DATASET CONTENT below:

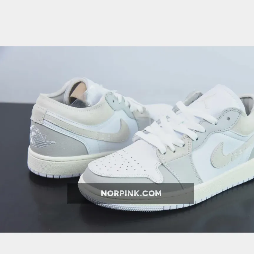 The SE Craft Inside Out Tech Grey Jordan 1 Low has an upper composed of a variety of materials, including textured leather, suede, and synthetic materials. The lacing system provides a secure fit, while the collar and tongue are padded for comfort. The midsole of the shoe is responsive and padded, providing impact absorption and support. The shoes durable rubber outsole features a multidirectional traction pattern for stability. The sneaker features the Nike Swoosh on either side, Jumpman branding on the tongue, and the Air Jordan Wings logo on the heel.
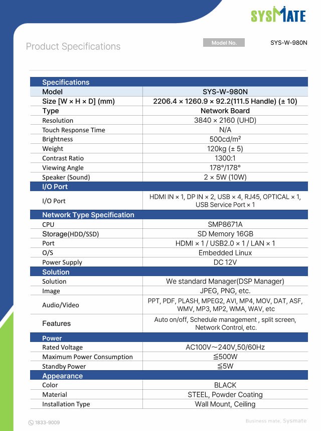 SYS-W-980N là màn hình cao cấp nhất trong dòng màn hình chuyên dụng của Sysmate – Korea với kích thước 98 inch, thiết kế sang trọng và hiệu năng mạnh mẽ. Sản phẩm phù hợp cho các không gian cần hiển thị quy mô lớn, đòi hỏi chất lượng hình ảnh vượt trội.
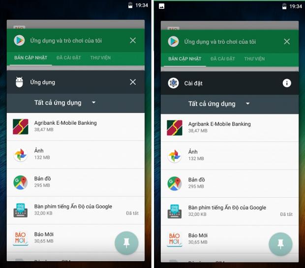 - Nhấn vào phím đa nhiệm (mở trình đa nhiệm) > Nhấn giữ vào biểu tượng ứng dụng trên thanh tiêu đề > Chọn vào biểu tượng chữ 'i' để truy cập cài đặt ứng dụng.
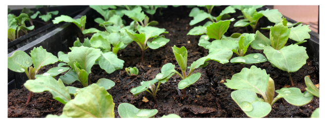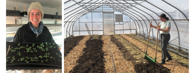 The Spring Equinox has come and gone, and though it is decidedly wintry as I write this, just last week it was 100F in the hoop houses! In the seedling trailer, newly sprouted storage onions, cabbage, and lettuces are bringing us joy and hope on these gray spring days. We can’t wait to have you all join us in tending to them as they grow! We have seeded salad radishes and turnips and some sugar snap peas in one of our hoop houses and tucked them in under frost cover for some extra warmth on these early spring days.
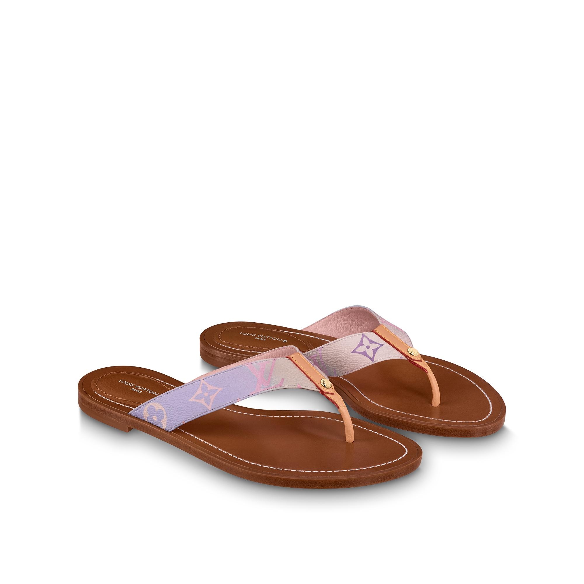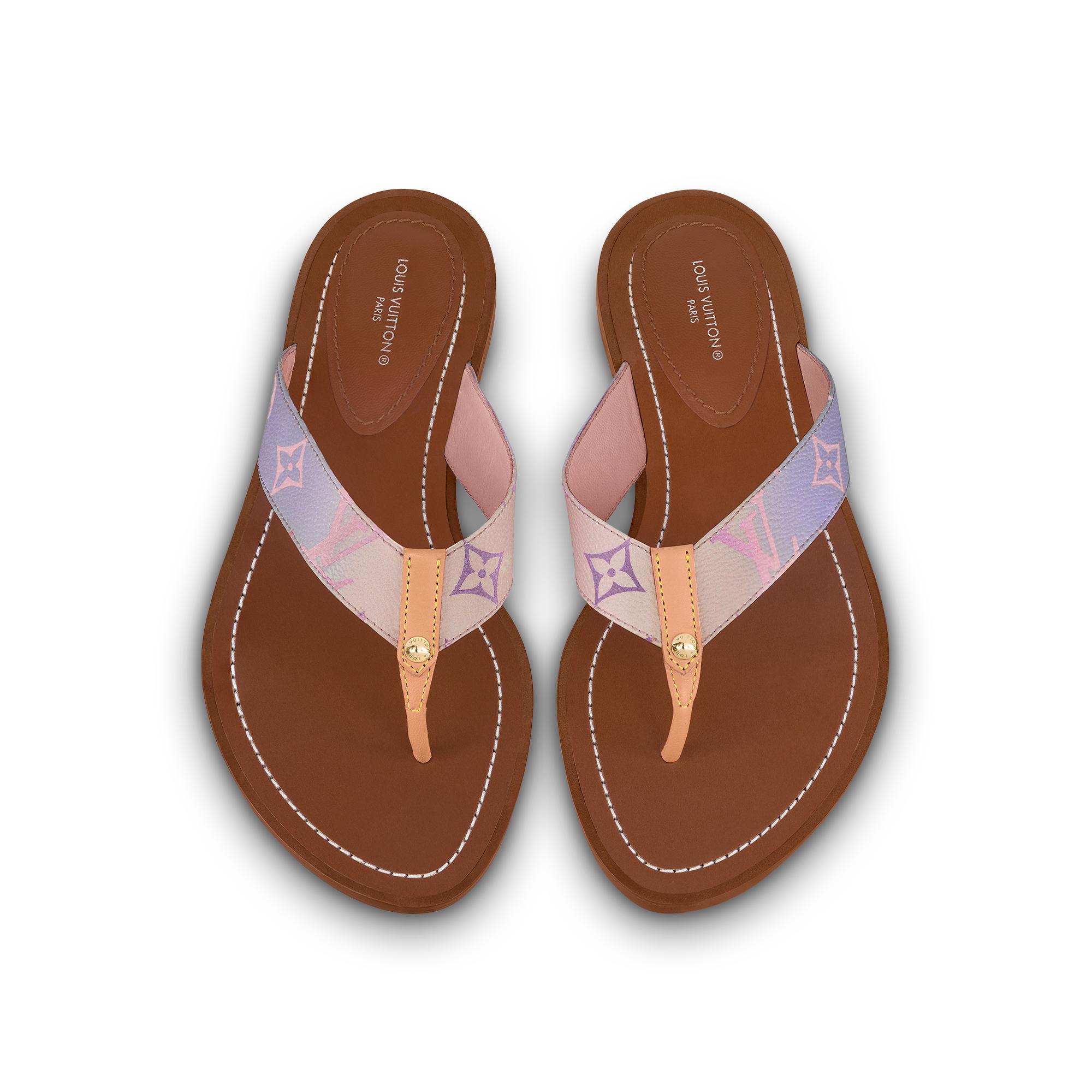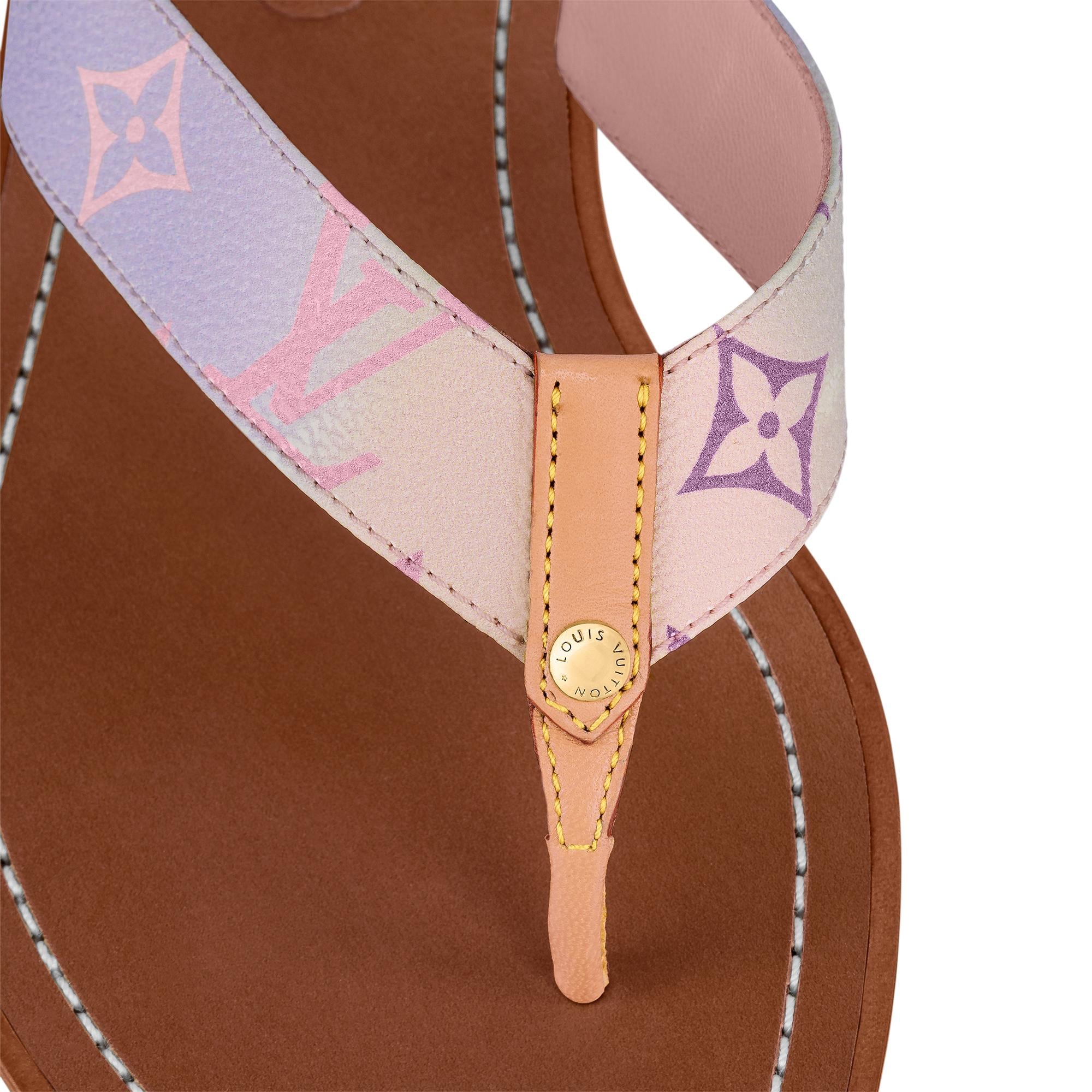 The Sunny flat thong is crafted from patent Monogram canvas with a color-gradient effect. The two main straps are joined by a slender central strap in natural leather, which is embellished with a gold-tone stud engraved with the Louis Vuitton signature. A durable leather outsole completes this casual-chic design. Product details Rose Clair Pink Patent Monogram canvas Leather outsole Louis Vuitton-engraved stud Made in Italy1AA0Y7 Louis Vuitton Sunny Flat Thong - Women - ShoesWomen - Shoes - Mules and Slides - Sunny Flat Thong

End of DATASET CONTENT.

| TASK DESCRIPTION |
The listing must be repeated word for word, and none of its pictures may appear in the copy.

| TASK RESPONSE |
 The SE Craft Inside Out Tech Grey Jordan 1 Low has an upper composed of a variety of materials, including textured leather, suede, and synthetic materials. The lacing system provides a secure fit, while the collar and tongue are padded for comfort. The midsole of the shoe is responsive and padded, providing impact absorption and support. The shoes durable rubber outsole features a multidirectional traction pattern for stability. The sneaker features the Nike Swoosh on either side, Jumpman branding on the tongue, and the Air Jordan Wings logo on the heel.
 SYS-W-980N là màn hình cao cấp nhất trong dòng màn hình chuyên dụng của Sysmate – Korea với kích thước 98 inch, thiết kế sang trọng và hiệu năng mạnh mẽ. Sản phẩm phù hợp cho các không gian cần hiển thị quy mô lớn, đòi hỏi chất lượng hình ảnh vượt trội.
 - Nhấn vào phím đa nhiệm (mở trình đa nhiệm) > Nhấn giữ vào biểu tượng ứng dụng trên thanh tiêu đề > Chọn vào biểu tượng chữ 'i' để truy cập cài đặt ứng dụng.
 The Spring Equinox has come and gone, and though it is decidedly wintry as I write this, just last week it was 100F in the hoop houses! In the seedling trailer, newly sprouted storage onions, cabbage, and lettuces are bringing us joy and hope on these gray spring days. We can’t wait to have you all join us in tending to them as they grow! We have seeded salad radishes and turnips and some sugar snap peas in one of our hoop houses and tucked them in under frost cover for some extra warmth on these early spring days.
 The Sunny flat thong is crafted from patent Monogram canvas with a color-gradient effect. The two main straps are joined by a slender central strap in natural leather, which is embellished with a gold-tone stud engraved with the Louis Vuitton signature. A durable leather outsole completes this casual-chic design. Product details Rose Clair Pink Patent Monogram canvas Leather outsole Louis Vuitton-engraved stud Made in Italy1AA0Y7 Louis Vuitton Sunny Flat Thong - Women - ShoesWomen - Shoes - Mules and Slides - Sunny Flat Thong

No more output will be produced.